Burned by Covid Supply Crunch, Hospitals in US Invest in Mask-making

Two days before Christmas, a cargo ship left Mumbai with a mask-making machine bound for Illinois-based OSF HealthCare, which will use the equipment to make its own N95 masks.

It isn’t the hospital group’s first foray into manufacturing. After COVID-19 border closures in early 2020 choked shipments from Asia, producer of about 80% of the world’s medical masks and protective gear, OSF and some other hospital groups started investing in U.S. production of key supplies including masks, gowns and critical pharmaceuticals.

The goal: Avoid a repeat of the early pandemic’s life-threatening shortages of essential protective gear – an effort that has become vitally important as schools, employers, consumers and the federal government are snapping up high-quality N95s and other masks to shield against the highly contagious Omicron variant.

Over the last eight months, OSF has turned out about a million surgical masks for staff and patients at its facilities, which serve nearly 3 million people in Illinois and Michigan, said Pinak Shah, OSF’s chief supply chain officer.

The new equipment is due to arrive in February, and once approved by the Food and Drug Administration, will produce around 1 million N95s annually. OSF’s two mask manufacturing projects will make it 100% self-reliant, Shah said.

OSF declined to disclose the machinery cost. It is expected to pay for itself in two years, versus 18 months for the surgical mask machine – a difference largely due to freight costs being nearly four times higher than usual, said Salvatore, Stile, president of logistics company Alba Wheels Up, who handled the N95 machinery shipment.

The investment is a hedge against uncertainties, said Shah.

”The manufacturing cost is a little higher than sourcing with a lower-cost competitor. However, it allows control of the market risk factor and spot shortage/back orders,” he said.

Beyond that, participants say such projects help support and stabilize domestic manufacturing and downstream domestic supply chains, both of which are vulnerable to boom-and-bust demand cycles and the threat of China’s flooding the U.S. with very low-cost, and at times low-quality, alternatives.

LESSONS LEARNED

Michael Alkire, chief executive of hospital group purchasing organization Premier, told Reuters he doubled down on efforts to strengthen U.S. suppliers after January 2020, when China diverted Premier-bound N95 shipments from Taiwan for its own use.
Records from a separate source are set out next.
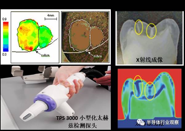 (1) 太赫兹辐射是完全非电离的,由于能量较X射线低很多,对绝大部分的生物细胞无电离伤害,适合对活体生物或组织进行实时检查。如皮肤烧伤或皮肤癌的早期诊断,口腔疾病诊断,活体DNA鉴别等。
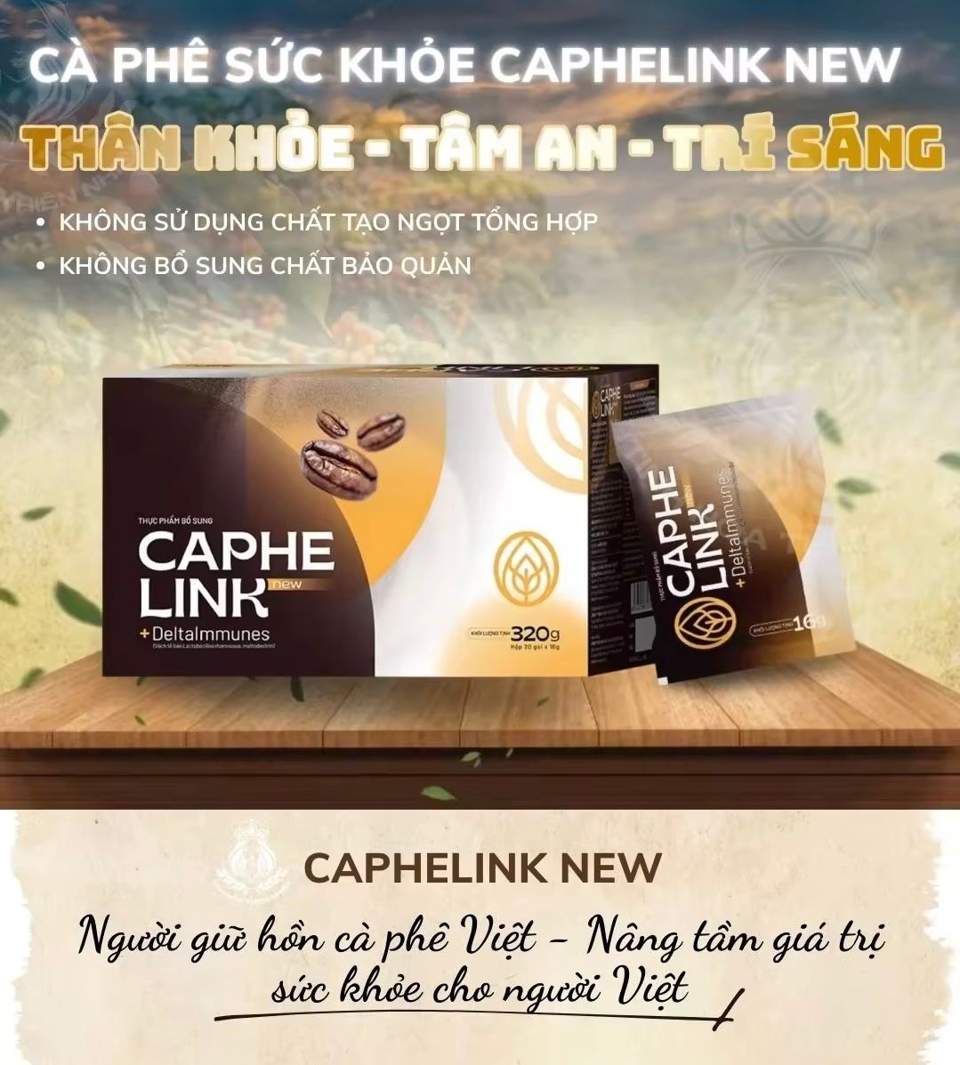 Nâng tầm hạt cà phê Việt không chỉ ở hương vị mà còn ở giá trị sức khỏe, Caphelink New ra đời từ sứ mệnh to lớn: "Chung tay xây dựng cộng đồng khỏe và giàu". Chúng tôi khát vọng liên kết mọi người Việt Nam, chắt lọc tinh hoa thảo dược quê hương để tạo nên một sản phẩm mang đậm niềm tự tôn dân tộc. Uống một ly Caphelink mỗi sáng không chỉ là thưởng thức cà phê, mà là bạn đang trao gửi niềm tin và xây dựng sự thịnh vượng chung của cộng đồng.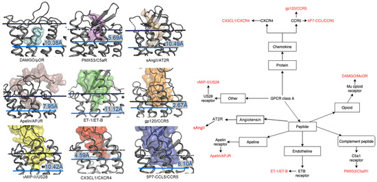 2.1. Diversity in the Binding Modes of the Peptide Ligands to Class A GPCRs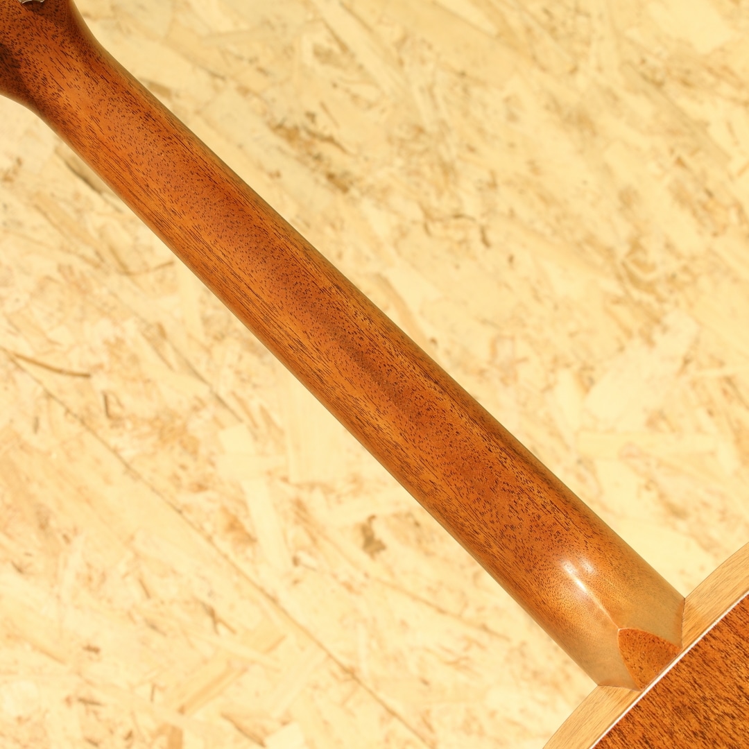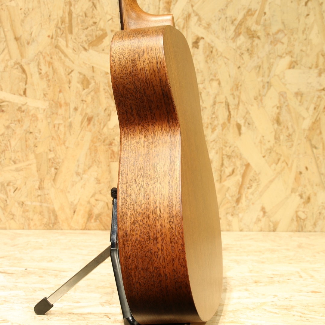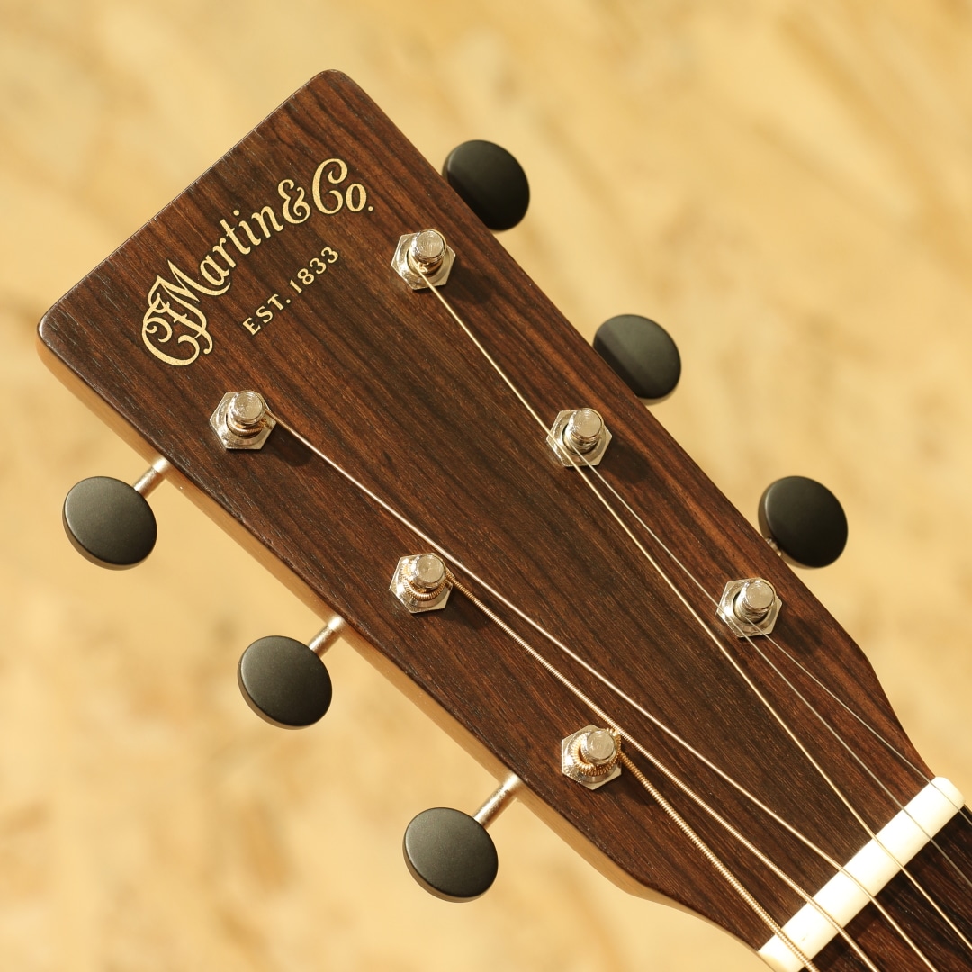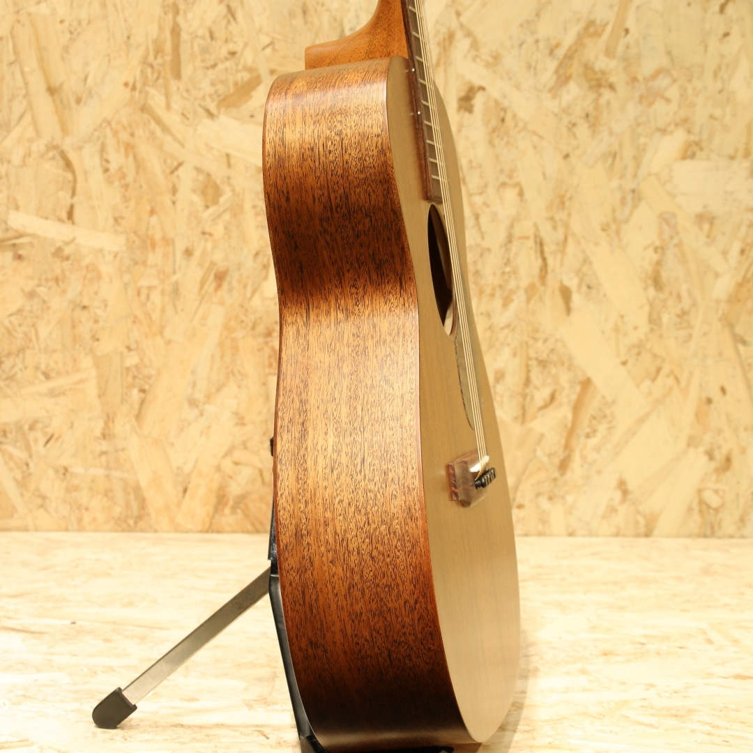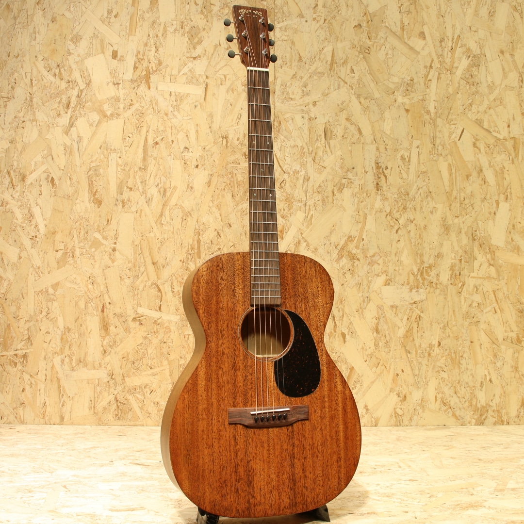 スタイル15の歴史は古く、1935年から製造されていました。1944年には一度製造中止となりましたが1948年には復活、1963年にも製造中止となりその後復活するのは1997年からと長い年月を経て復活しています。本器はスタイル15の伝統を受け継ぎ現代的な仕様を織り交ぜて製作されるオール単板マホガニーボディ"15"シリーズ、OOサイズの"OO-15M"です。マホガニーボディ、マホガニーネック、インディアンローズウッド指板&ブリッジ、ショートパターンダイアモンド&スクエア指板インレイ、グローバーオープンバックペグ、べっ甲柄ピックガード、ノンスキャロップドXブレイシング。オールドマーチンを彷彿とさせる風格あるルックス、ボディの縁取りをはじめ極力装飾を省いたシンプルなデザインと茶系の暖かみある色味が魅力的です。OOOサイズよりも一回り小ぶりなサイズ感、より抱えやすくなっており音の立ち上がりも早い点もメリット。レンジ感こそ大きいサイズのギターに譲りますが、中域の密度や押し出し感は小ぶりなサイズのギターにしかないメリットです。音色もバランス感も整っている為細やかなフレーズにも追従しやすく、その運指をサポートする薄めのグリップにナット幅。現在ではレギュラーモデルのほとんどが44.5mmナット幅ですが、このモデルは42.9mmと握り込みやすい幅です。OOサイズながらロングスケールを持ち、やや張りのあるサウンドを獲得しています。ダウンチューニングでもテンションを稼げるためソロギター等でも活躍してくれそうな仕様です。出音自体は開放的で明るくスッキリとした音色。スプルーストップに比べ広がりのあるサウンドで、雑味のない快活なトーンです。低音成分が出すぎない乾いた音色、見た目にそぐわない心地の良いサウンドを響かせてくれます。ストロークではドライで元気なサウンドを、フィンガーでは落ち着いたトーンで繊細な音を奏でられます。このルックスは家に飾るとしても家具や部屋に馴染んでくれそうです。弾いて良し眺めて良し、飾って良しの3本揃ったギター。USA製マーチンとしては魅力的なお値段に確かな造りとサウンドで、これから初められる方の1本や気軽に扱えるサブギターとしてもオススメです。持ち運びしやくす保護性にも優れたオリジナルソフトシェルケースが付属します。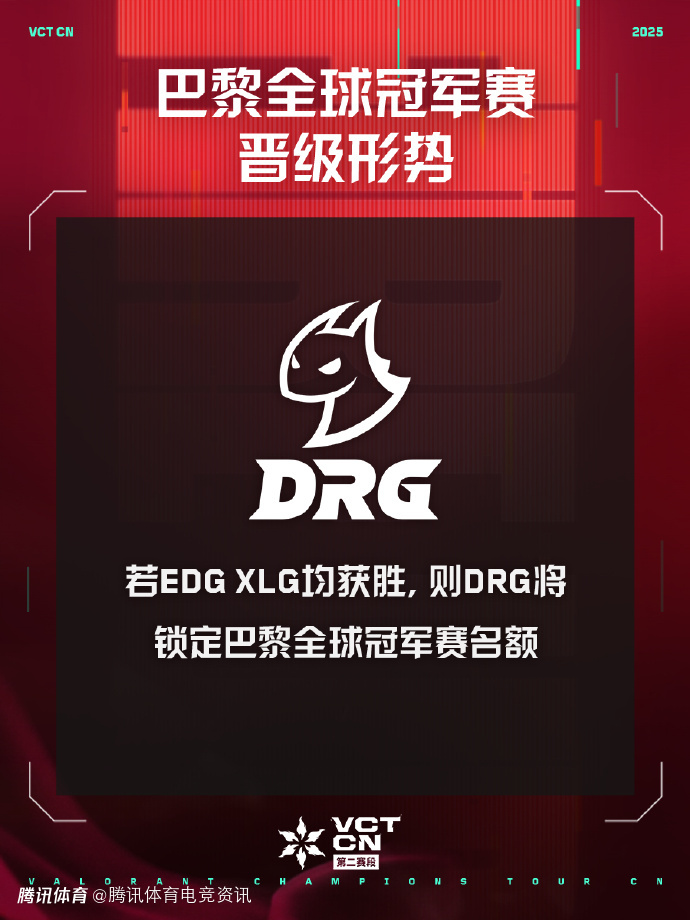 若EDG和XLG均获胜,则DRG锁定巴黎全球冠军赛名额!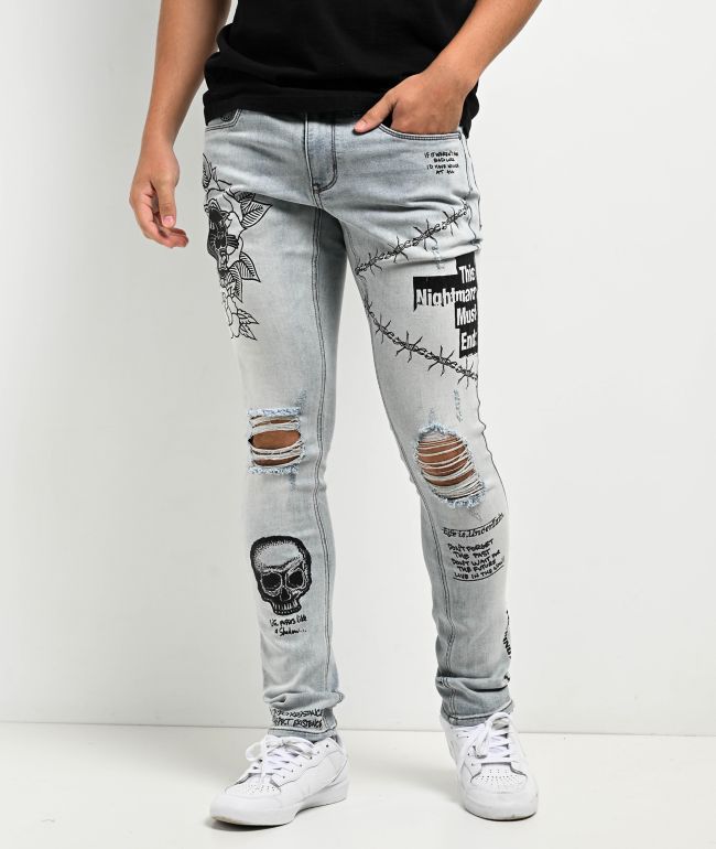 Zumiez clearance ripped jeans, Ninth Hall Rogue Tapered Printed Smoke Skinny Jeans Zumiez clearance
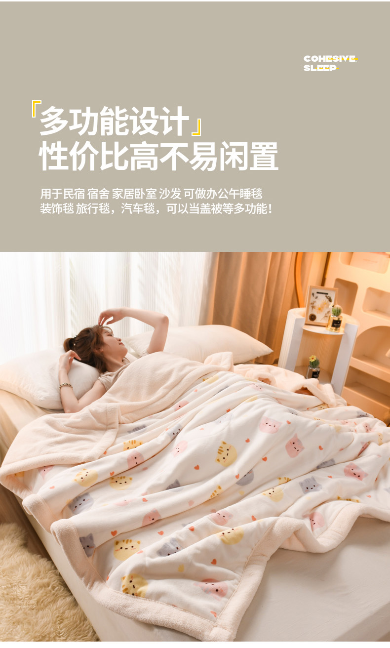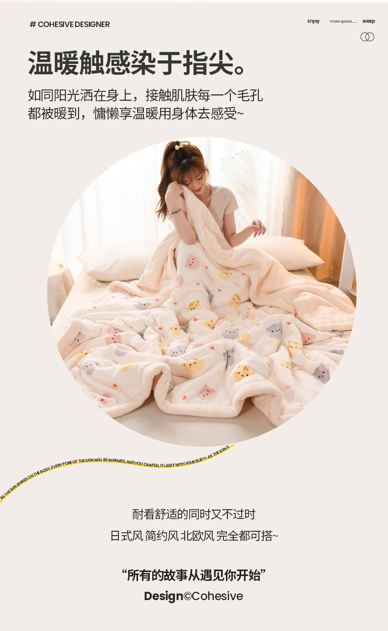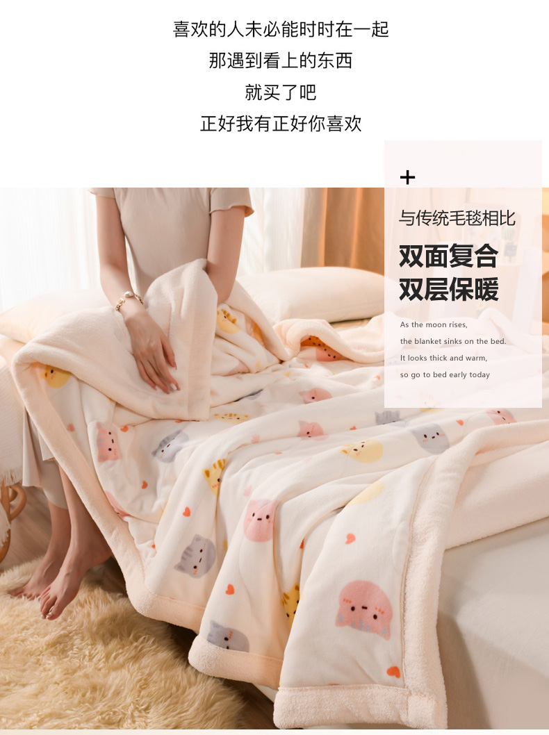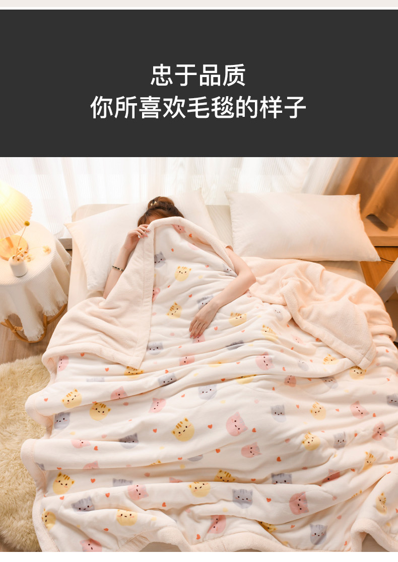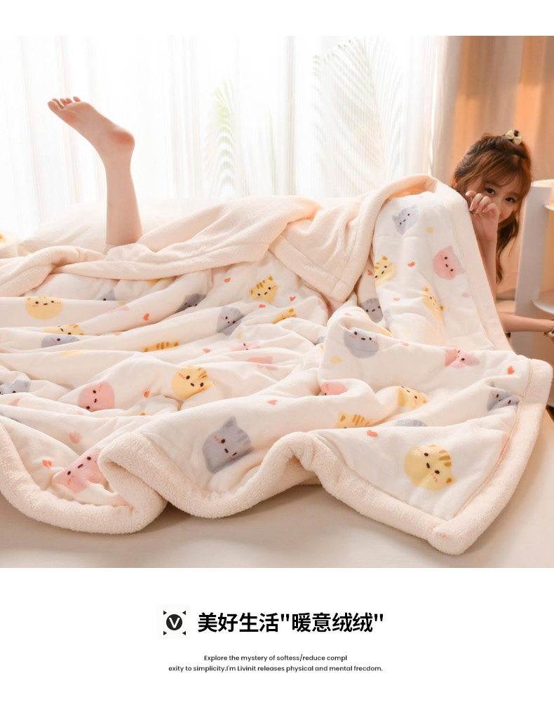 印季家纺 2025新款三层夹棉印花牛奶绒毛毯毯子 小猫咪-羊羔绒

For more than 18 months, Premier and rival Vizient have bolstered U.S. manufacturers via strategic partnerships, expansion funding, minority-stake investments and joint ventures. While Premier declined to reveal the value of its investments, Vizient put the total at more than $12 million.

Prestige Ameritech is a beneficiary of such dealmaking. Premier and 15 of its hospital members took an undisclosed minority stake in the Texas-based company in May 2020. The hospitals also pledged to buy a portion of their surgical masks and N95s from Prestige for up to six years. Vizient separately committed to buying 9 million N95 masks over a 12-month period.

”That’s what a company needs. It needs steady revenue,” said Prestige Ameritech founder and CEO Dan Reese, who added that his and other vetted U.S. mask makers ”prioritize and support healthcare providers.”

Prestige now supplies 100% of surgical masks and up to 80% of N95s at Baptist Health South Florida, said George Godfrey, the Miami-based group’s vice president of supply chain.

”It certainly reduces the risk profile of obtaining those goods during times when everyone is trying to source them,” Godfrey said of the Premier deal.

Hospital executives said the projects build clout in an industry where no single operator has the power of a ”big three” U.S. automaker or a leading retailer like Walmart or Amazon.com to wield significant sway over suppliers.

”We’re not just customers, we have a seat at the table,” said Bruce Radcliff, system vice president for supply chain at Advocate Aurora Health, a participant in several Premier production projects.

”The healthcare sector is trying to take control of its supply chain,” said Luis Arguello, president of DemeTECH, a Florida-based manufacturer of medical masks, sutures, COVID tests and other supplies. DemeTECH is talking with ”several” hospital groups seeking to invest, he said.

With ample production capacity at the ready, members of the American Mask Manufacturer’s Association (AMMA) believe domestic hospital supplies will remain secure throughout the Omicron surge.

Texas mask producer Armbrust American said demand from consumers and school districts virtually cleared its 32,000-square-foot distribution center that just a few days ago was packed with unsold masks for adults and children.

”It’s great because I’m not gonna have to go bankrupt,” said AMMA president and company CEO Lloyd Armbrust, who is again ramping up production.